А между тем летом 1926 года в Москве с восторгом были встречены звезды американского кино Мэри Пикфорд и Дуглас Фэрбенкс, именно последнему в значительной степени С. Эйзенштейн оказался обязан своей известностью. Как бы то ни было, кинематограф пережил на протяжении 1920-х годов невиданный подъем. Это проявилось, в частности, в документалистике критика повествовательности и психологизма Дзиги Вертова, методом «киноглаза» — намеренного смешивания субъекта и объекта, представления и восприятия — сумевшего сделать осмысленным и привлекательным то, что кажется хаотичным. Свою роль сыграл и фильм «Мать» В. Пудовкина, весьма произвольно снятый по известной повести М. Горького. Невиданный импульс кинотворчеству был задан С. Эйзенштейном, создавшим впечатляющий образ победы Октября в фильме (1927 год), представлявшем тот уникальный сплав псевдодокументалистики и игрового кино, который много успешнее всех других видов искусств стал творить революционный миф. Именно подобные кинодостижения, а вовсе не труды историков, наиболее надежно формировали представления молодежи о прошлом. Кино сумело слить воедино утопию и реальность, что было принципиально важно для придания постреволюционному времени «конструктивного» облика. Из этого ряда безусловно выпадала картина другого «революционного кинематографиста» А. Роома «Кровать и диван (Третья мещанская)», посвященная проблеме социалистического коллективизма и сексуальности.
Настоящим прорывом в области эстетизации революционного порыва стал «Броненосец Потемкин»(1926 год), принесший советскому кино мировую славу. Не менее впечатляющими были новаторские поиски Пудовкина и Довженко. Но все это сказалось на зрителе лишь позднее.
Исследователи считают отличительной чертой искусства 1920-х годов то, что оно утратило свою чисто эстетическую функцию, поставляя своего рода грядущие модели тотального переустройства мира на новых коллективистских принципах, стирающих грань между художником и зрителем[644]

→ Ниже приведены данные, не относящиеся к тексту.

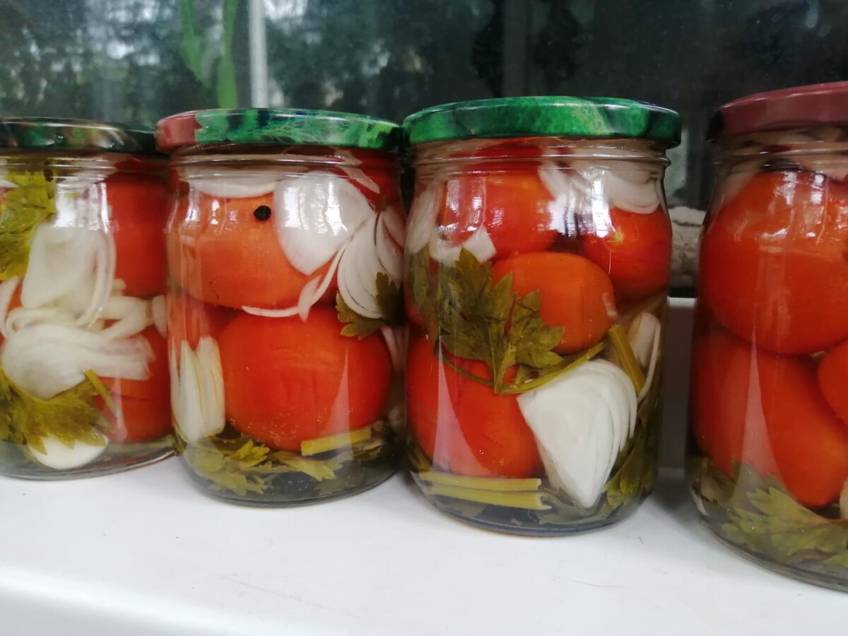 Вчера вечером "пришлось" самой делать помидорки по этому рецепту. Не было фотографии этих помидорок, а уж очень хочется с Вами этим рецептом поделиться, как можно скорее. Вообще я поняла сейчас, когда у меня появился свой канал, что моим большим упущением было то, что я мало фотографировала свой огород и свои заготовки. И это хочется разместить на канале, и то. А фотографий нет... Это был один из первых рецептов, по которому я попробовала замариновать помидорки. В самом-самом начале своих заготовочных историй. И вот сколько он уже со мной. Никогда не откажусь от этого рецепта. Помидорки получаются очень вкусными. Вкусным получается и лук по этому рецепту. И рассол. Ууууу. Вообще, если я открываю такую баночку, съедается и выпивается все. А не это ли счастье для хозяйки, которая приготовила блюдо с такой любовью? Приготовление: Помидоры в этот рецепт идут целиком. Лук нарезать кольцами или полукольцами. Зелень мелко порубить. Крупные зубочки чеснока разрезать. На дно баночки положить р
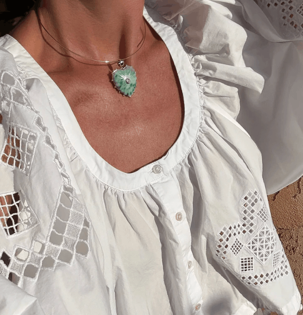 Our Malene heart charm in the unique speckled green dot jasper—hand-carved stone, cubic zirconia, and high-shine gold on a large round bail for versatility. Everything you want and need to make a statement.
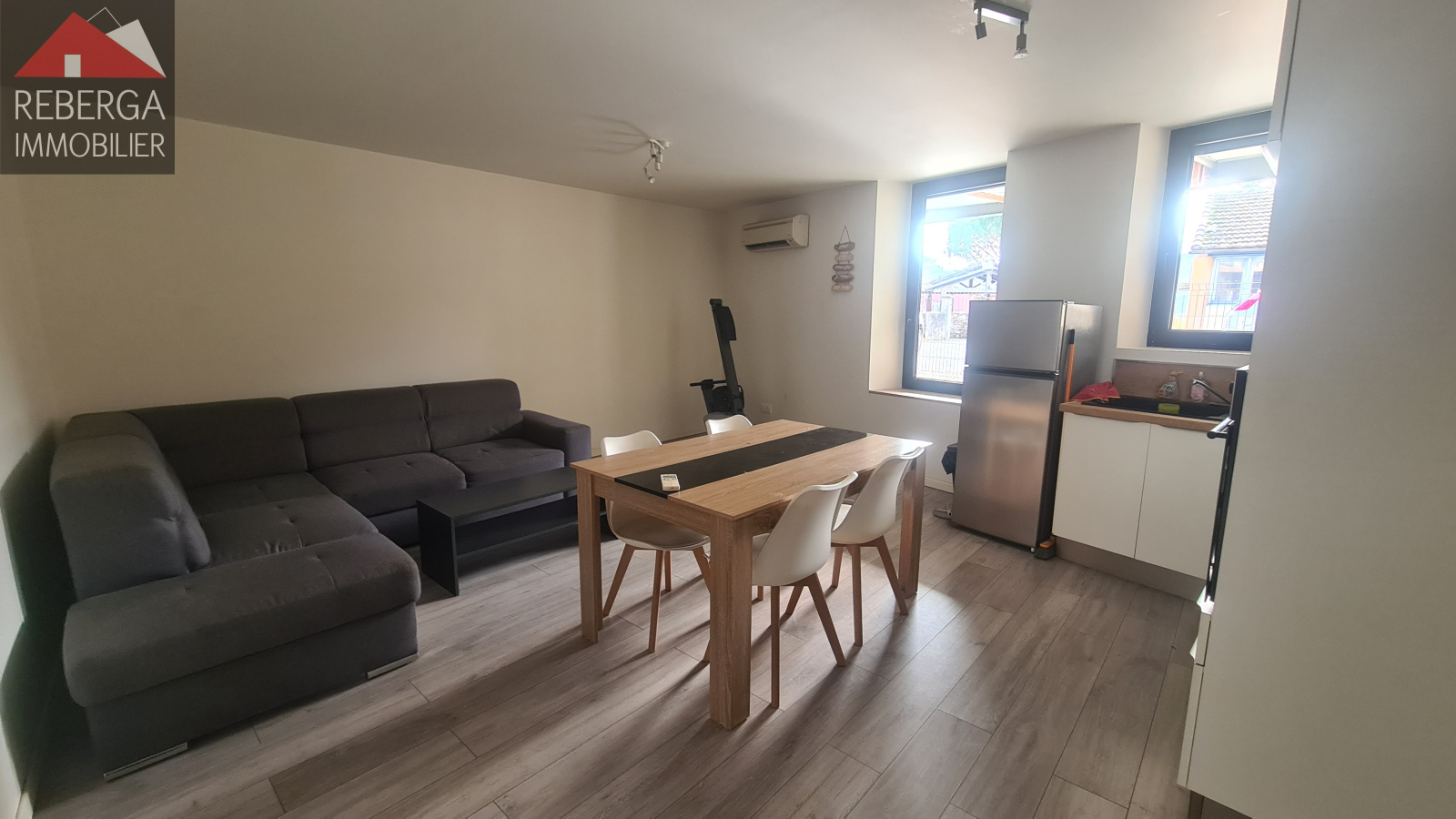 Appartement meublé en rez-de-chaussée comprenant : séjour avec coin cuisine équipée et aménagée,, chambre avec salle d'eau et toilette séparé. Le bien comprendre également une terrasse et une place de parking. Un cellier avec machine à laver complète ce bien. Climatisation réversible. Disponible au 3 Novembre.

. Действительно, если представить, что авангардистское искусство по-своему соответствовало периоду революционного разрушения форм, то процессу скорейшего их воссоздания должны были соответствовать массовые формы творческой активности. Отсюда выдвижение на первый план театра и кино. Но «массовидность» искусства скрывала под собой и другое — неизбежный приход примитива.В нэповский период уже наметилось расхождение между образом СССР за его пределами и пропагандой, рассчитанной на «внутреннее потребление». По-своему, пусть неосознанно помогали в этом люди творчества. С середины 1920-х годов Советский Союз становится участником международных художественных выставок в Венеции, Дрездене, Токио, а также в выставках современной архитектуры, машиностроения и декоративного искусства. В 1925 году начинает действовать Всесоюзное общество культурных связей с заграницей (ВОКС). В 1927 году советские исполнители дебютировали ка первом международном конкурсе пианистов им. Шопена в Варшаве. Первая премия был а вручена Л. Оборину. За рубежом стали издаваться переводы советских писателей. Как ни парадоксально, именно «попутчики» революции из среды художественной интеллигенции сделали для создания положительного образа СССР за рубежом куда больше, чем официальная большевистская пропаганда — они говорили с «прогрессивной» интеллигенцией Запада на понятном для тех языке.
Вместе с тем литература и искусство по-своему отражали усилившееся социокультурное напряжение в обществе. Если обратить внимание на оголтелое воспевание тогдашними поэтами-авангардистами социалистической «мегамашины». уверенно отсекающей мешающий ей в строительстве «светлого будущего» человеческий материал, то станет ясно, что механическое понимание прогресса становились органической частью новой, неизвестной прежде большинству населения прогрессистской ментальности. «Советский марксизм», подобно нарождающейся сверхрелигии, стремительно набирал популярность — причем не только среди молодежи, но и среди новых, или «перевоспитывающихся» элит. В значительной степени это было обусловлено синкретизмом новой веры: элементы былых религий и новейшие утопии скреплялись в нем архаичными представлениями о власти.
В научной мысли происходили свои поразительные подвижки. 1920-е годы оказались тем временем перехода от господствующего прогрессистского миропонимания к страхам всеобщего распада, когда художники стали представлять мир в веде геометрических фигур, а ученые, напротив, заговорили о его «кривизне». Позитивистские устои научного знания пошатнулись. Это порождало удивительные коллизии в научной среде.